In Jünger—the Jünger of In Storms of Steel, The Worker, and Eumeswil—one finds no reference to the mysticism of the soil: only a sober admiration for the perennialness of the peasant, indifferent to historical upheavals. Jünger tells us of the need for balance: if there is a total refusal of the rural, of the soil, of the stabilizing dimension of Heimat, constructivist Faustian futurism will no longer have a base, a point of departure, a fallback option.

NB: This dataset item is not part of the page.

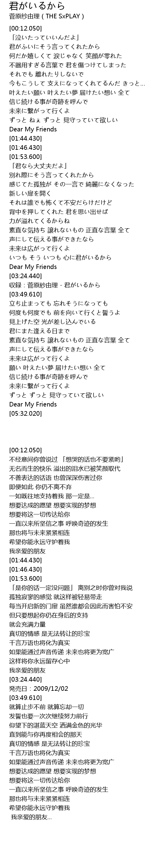 | [03:26.440] | 収録:菅原紗由理 - 君がいるから |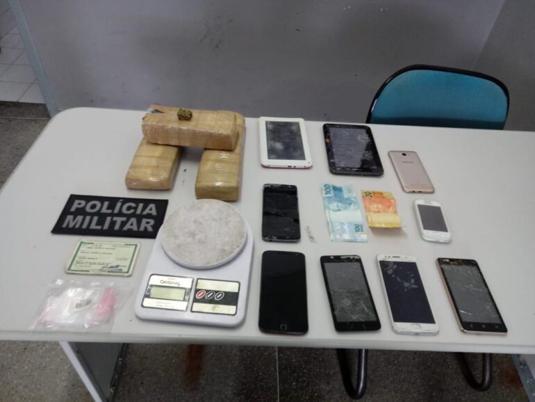 Durante as buscas, os policiais encontraram e apreenderam 2,5 quilos de uma substância análoga a maconha, 120 reais em dinheiro; uma balança de precisão, um saco plástico de embalagem, seis celulares e dois tablets. Todo o material foi encontrado em uma mochila.

On the other hand, if the accent is placed too much on the initial base, the launching point, on the ecological niche that gives rise to the Faustian people, then they are wrapped in a cocoon and deprived of universal influence, rendered blind to the call of the world, prevented from springing towards reality in all its plenitude, the “exotic” included. The timid return to the homeland robs Faustianism of its force of diffusion and relegates its “human vessels” to the level of the “eternal ahistoric peasants” described by Spengler and Eliade.[12] Balance consists in drawing in (from the depths of the original soil) and diffusing out (towards the outside world).
In spite of all nostalgia for the “organic,” rural, or pastoral—in spite of the serene, idyllic, aesthetic beauty that recommend Horace or Virgil—Technology and Work are from now on the essences of our post-nihilist world. Nothing escapes any longer from technology, technicality, mechanics, or the machine: neither the peasant who plows with his tractor nor the priest who plugs in a microphone to give more impact to his homily.
The era of “Technology”
Technology mobilizes totally (Total Mobilmachung) and thrusts the individual into an unsettling infinitude where we are nothing more than interchangeable cogs. The machine gun, notes the warrior Jünger, mows down the brave and the cowardly with perfect equality, as in the total material war inaugurated in 1917 in the tank battles of the French front. The Faustian “Ego” loses its intraversion and drowns in a ceaseless vortex of activity. This Ego, having fashioned the stone lacework and spires of the flamboyant Gothic, has fallen into American quantitativism or, confused and hesitant, has embraced the 20th century’s flood of information, its avalanche of concrete facts. It was our nihilism, our frozen indecision due to an exacerbated subjectivism, that mired us in the messy mud of facts.
By crossing the “line,” as Heidegger and Jünger say,[13] the Faustian monad (about which Leibniz[14] spoke) cancels its subjectivism and finds pure power, pure dynamism, in the universe of Technology. With the Jüngerian approach, the circle is closed again: as the closed universe of “magism” was replaced by the inauthentic little world of the bourgeois—sedentary, timid, embalmed in his utilitarian sphere—so the dynamic “Faustian” universe is replaced with a Technological arena, stripped this time of all subjectivism.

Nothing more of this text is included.